Правда, деньги тут же были перехвачены медсестрой.

— Я сама отнесу и талон выбью, который нужно. Не беспокойтесь, — сказала она то ли больному, то ли врачу. Обоим стало понятно, что до кассы деньги не дойдут.

— Из лекарств — обычный анальгин, не травите себя всякой гадостью, — вещал Андреевич, —Назначат БАД на полгода, потом интересуются «Помогает? Ах, не помогает? Ещё полгодика попейте! Да покупайте только в той аптеке». А кому-то (кто назначил) помогает: каждый месяц за кэшбэком в эту аптеку бегают.

— Так вам, полагаю, диспансерных душ надобно? — обратился к Владимиру врач-гора. —Заходите на недельке. Элизавета Павловна журнал диспансерных подготовит. Договоримся.

Вовка удалился и пошел дальше по поликлиническому коридору. В открытом кабинете за столом сидела смазливая медсестра.

— Заходите, доктор! —пригласила она Владимира, привстав со стула так, что он увидел дно её декольте.

Владимир зашёл.

Из-за ширмы вывалилась и с грохотом упала на пол обнаженная фигура в черных трусах.

— Это наш окулист Семён Спиридонович, знакомьтесь. Только что с профосмотра приехал, — девица выпорхнула из-за стола и вдвоем они переложили тело на кушетку. Дно декольте показалось снова.

— Устал. Отдохнет, обязательно заходите, — и невзначай коснулась тем, что было спрятано в декольте. Вовка не отреагировал и получил злобный взгляд. В кабинете стояла смесь запаха женских духов и перегара.

Не успели остатки этого шлейфа раствориться в других специфических медицинских запахах, к которым нет никакой возможности привыкнуть хоть сколько-нибудь чувствительному носу, как сквознячок принёс с лестничного проема запах формалина. Владимир пошел на этот запах. «Патологоанатомическое отделение» — прочитал Вовка, спускаясь в подвал. Постучал в дверь с табличкой.

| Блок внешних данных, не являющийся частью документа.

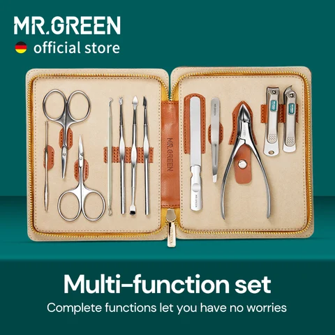 MR.GREEN Manicure Set 12 In 1 Full Function Kit Professional Stainless Steel Pedicure Sets With Leather Portable Case Idea Gift

Дверь открыла фигура в халате не первой свежести, в больничных тапках на босу ногу. «Уборщица», — решил Вовка и спросил:

— Мне бы заведующего, или врача.

— Заходите, молодой специалист, я о вас наслышан. Зав отделением ищите? Так я и есть — заведующий! — ответила фигура в халате, — Душкин моя фамилия.

Прошли по коридору, как по проходу в старом плацкартном вагоне, стараясь не наткнуться на ноги спящих на верхних полках пассажиров. Только здесь на этих ногах висели номерки и их обладатели спали слишком крепко: разбудить их не было никакой возможности. Зашли в прозекторскую, где на широком, прочном столе лежал, готовясь к вскрытию, очередной свеженький тpyп.

Коллаж автора
— Не хотите составить компанию? — спросил хозяин прозекторской, — вот подходящая мензурка. Я её формалинчиком протру да от препаратов стол немного расчищу. Не волнуйтесь, тут абсолютная стерильность. Правда, девяностошестиградусный спирт сейчас не выдают — или семидесятиградусный или асептолин. Даже на мертвых экономят! — он плеснул себе из пузырька с белой пробкой, взял что-то со стола, занюхал, закусывать не стал.

— Будут спирт выдавать, закрывайте флакон непременно белой пробкой. Черная придает спирту резиновый вкус, а я знаете ли, брезгливый стал на старости лет, — проинформировал анатом Вовку. От угощения Вовка отказался. А анатом, взбодрившись стопкой, стал вспоминать:

— Я ведь раньше общим хирургом был, в разных учреждениях и коллективах работал, — он достал из ящичка рабочего стола несколько чёрно-белых фото. Владимир посмотрел вначале из уважения, потом с интересом.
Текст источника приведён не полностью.